I will attempt to explain this as best I can, but it is difficult because the problem is so vague. I am not as much looking for a drop-dead answer as I believe there is none, but more brainstorming on troubleshooting paths. Here is the scenario:
1. The back-end is stored on a Windows Server 2012 on a gigabit network with 2 Dell managed switches. It is an .accdb file designed in Access 2010.
2. Approximately 15 users are in the system all day. All of the users are local and use the front-end to manipulate the data. They are using Access 2010 runtime.
3. Client machines are all in good working order with gigabit Intel NICs.
The problem:
In the DB is a table (called Loads) that contains about 30 fields and 65k records. All data is manipulated in the front-end via native Access queries (meaning I don't have any proprietary SQL code in my VBA). Mostly by forms bound to Select queries. There are many other tables, but the Loads table is the main scope of this problem.
Randomly, out of what seems like nowhere, users will be unable to open any forms or reports. They will get an "unrecognized database format" error on the front-end. Some users can continue to do things for a while, but eventually they will all get this error. When I try to open the back-end, I get the message that the database is in an inconsistent format. I have to get everyone to close the front-end and run a compact/repair on the back end. Sometimes it repairs fine and I can have people get back in, other times it gets weird as follows:
Other times, I run the repair operation and I get a table that pops up called "MSysCompactError." Now, I know what this table is and why it exists, but the results in it are strange. I attached a screenshot for reference because it's too difficult to explain clearly.
Now the times when I get this compact error table, I open the Loads table and it shows a certain number of records that have been deleted. This number always agrees with the number of deleted records mentioned in the error table. However, the record isn't really deleted, it's just had all of its fields nulled out with the exception of one or two that are full of ## characters. It gets weirder.
Not only are records randomly deleted, but other records are randomly duplicated. I'm not just talking about the ID field being reused for another record, I'm talking like someone copied the row, clicked a new row, and pasted the entire record, unique ID and all.

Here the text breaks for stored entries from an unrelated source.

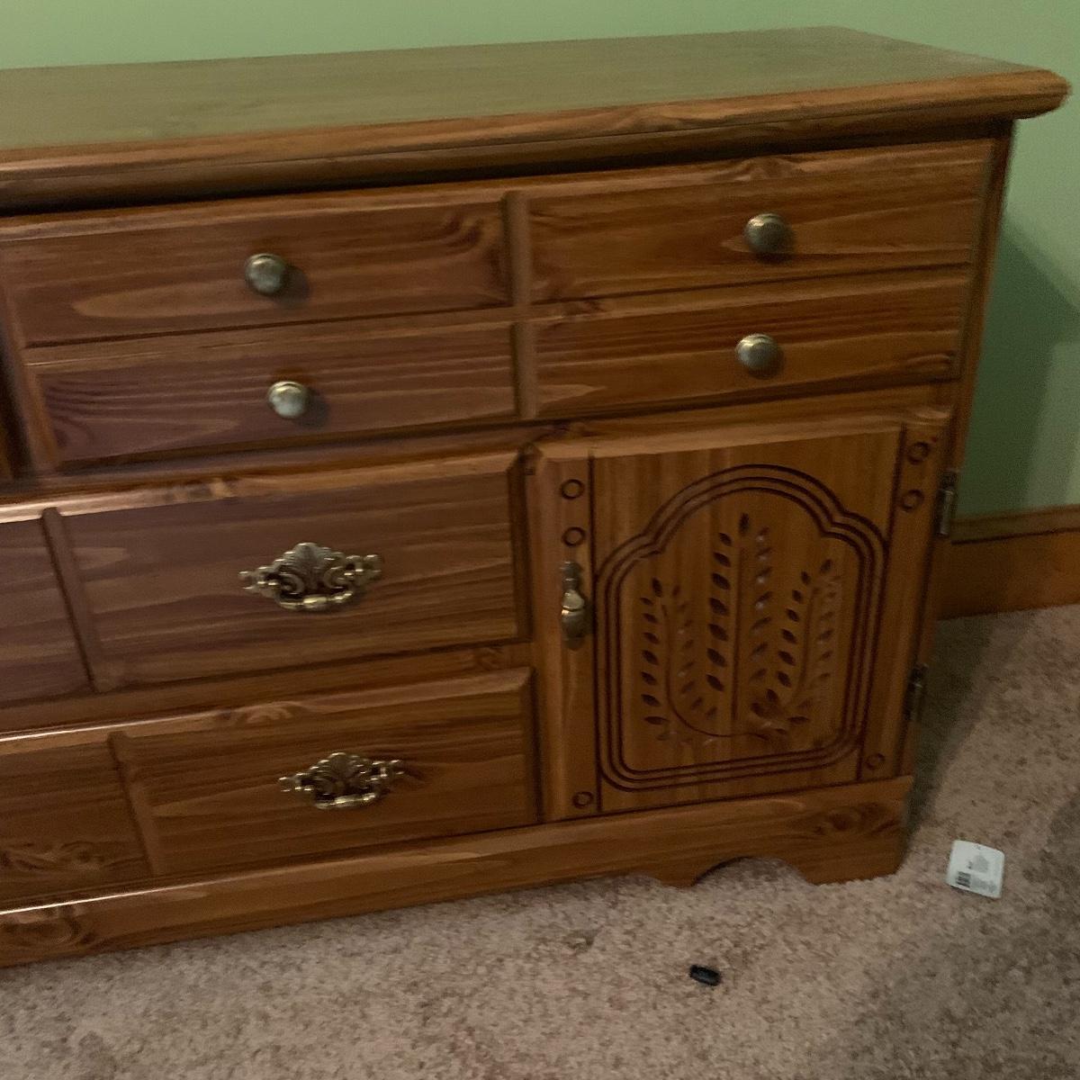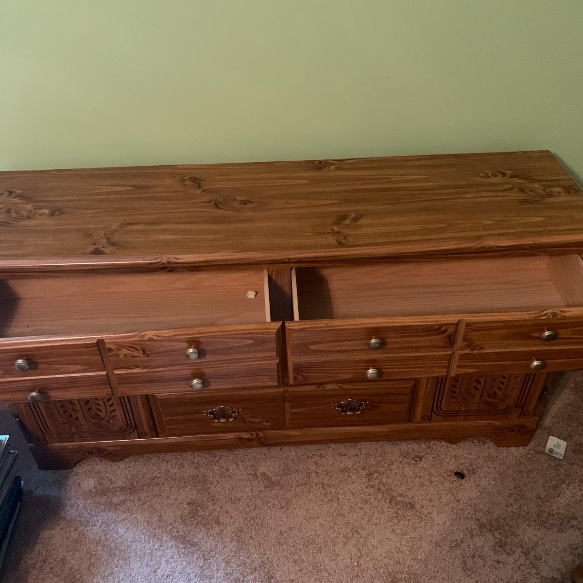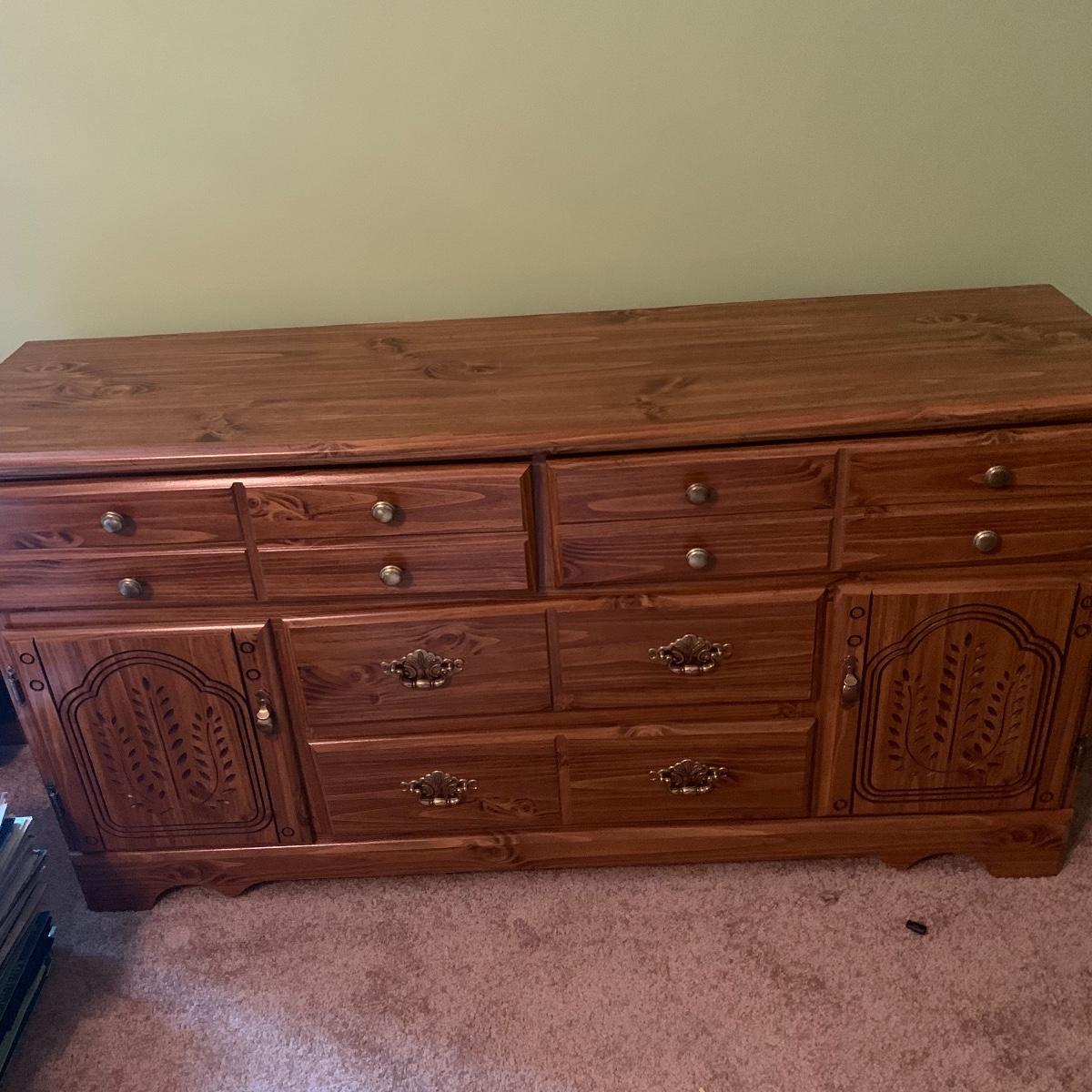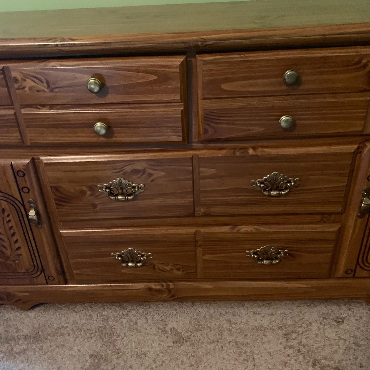 This lot offers great storage options. Included in this lot is a beautiful dresser that features shiny gold hardware and doors that have carved leaf designs. There are four drawers and ample storage behind each of the two doors. It measures 60” Wide X 16” Deep X 30” tall. Also offered is small side table that has one drawer. This item would make a nice vanity, writing desk or bedside table. It measures 28” Wide X 16” Deep X 30” Tall. It comes with a cute little stool as well. Local pickup only.
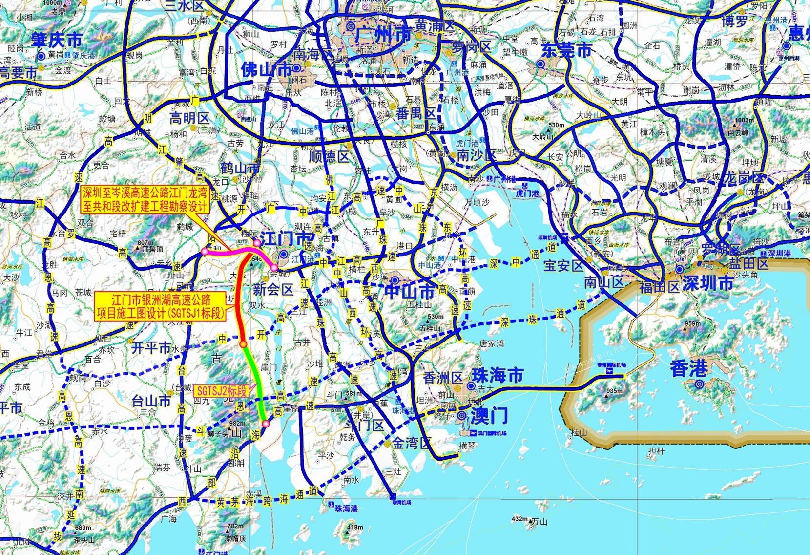 江門市銀洲湖高速公路項目路線起于蓬江區棠下鎮,接珠三角環線高速公路,終點位于新會區崖門鎮(接西部沿海高速公路),長約53.8km,采用雙向六車道高速公路標準,設計速度120km/h,路基寬度34.5m。我司承擔的是銀洲湖高速SGTSJ1標段(總體標)的土建勘察設計和總體協調任務。該標段全長約31.3km,總投資約82億元。
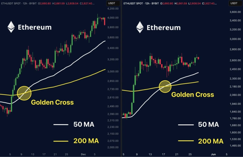 Un conocido trader ha identificado una configuración prometedora para Ethereum con la aparición de una cruz dorada en el gráfico de 12 horas.

All of the info is exactly the same. I switch to design view and the primary key designation is gone. It's like Access is violating its own rules and then nuking the primary key. I have to remove the duplicate records and then reset the PK. The PK is not an AutoNumber, it is a Long Integer that I increment using the DMax() function. I only invoke this function at the instant before saving the record, so the chance of a conflict is minimal, and it has worked this way for over 2 years so I do not think it is related to this problem.
The number of records deleted and number of records duplicated are always the same. However, they do not seem to be related in any way. They have different FKs, and are not necessarily adjacent to one another in the recordset (in fact they almost never are). The affected records are always within the past month or so of being created, and that is approximately the window of activity for editing records (anything older is frequently accessed but infrequently edited). That tells me that it is not 100% random, and that someone is "touching" these records somehow and making them go crazy.
Obviously the above is evidence of corruption, but from where? This process has been working fine the majority of the past couple of years. It first occurred about a month ago out of the blue (I had not made any changes to the front or back ends in quite a while). At the time, I just kept repairing it and after the 5th or 6th time, the problem stopped occuring. It was fine for several weeks until it occurred again yesterday morning. I repaired it twice and it behaved the rest of the day. It happened again twice in one hour today, and now is going on 3 hours without a problem. I also cannot find any consistency with the time of day that it happens.
We are not having any known connectivity problems. We also use Quickbooks and it freaks out at the least hint of a network interruption, which it has not been doing. The server is extremely robust and as I said the workstation NICs are in good shape. I have checked all active ports on the switch and none are showing any packets with errors. The front-end file is excluded from virus scanning on the workstations, and the back-end file is excluded on the server.
I would appreciate any input as to what I can test or change next to work towards a solution. This problem is so vague and random I am pulling out what is left of my hair to even come up with a possible fix. I have already created a blank database and imported the front and back ends into fresh files. That seemed to have no effect at all. Some other things I plan on trying:
1. Isolate the Loads table into a different back-end file.
2. Create a quick and dirty transaction log to identify if one workstation is the culprit. This seems like a complex undertaking and adding a lot of overhead, but it may be my only hope.
Any other suggestions, whether on the network or specific to Access? Has anyone come across crazy problems of a similar nature?
Thanks in advance for help and suggestions. I can't really post my file to this thread as it is a 7MB front end and 20MB back end and anything I remove could be the source of the problem. I can perhaps attach specific tables, queries, or forms if anything would possibly help. But as I said, these have all been functioning perfectly for months without any changes.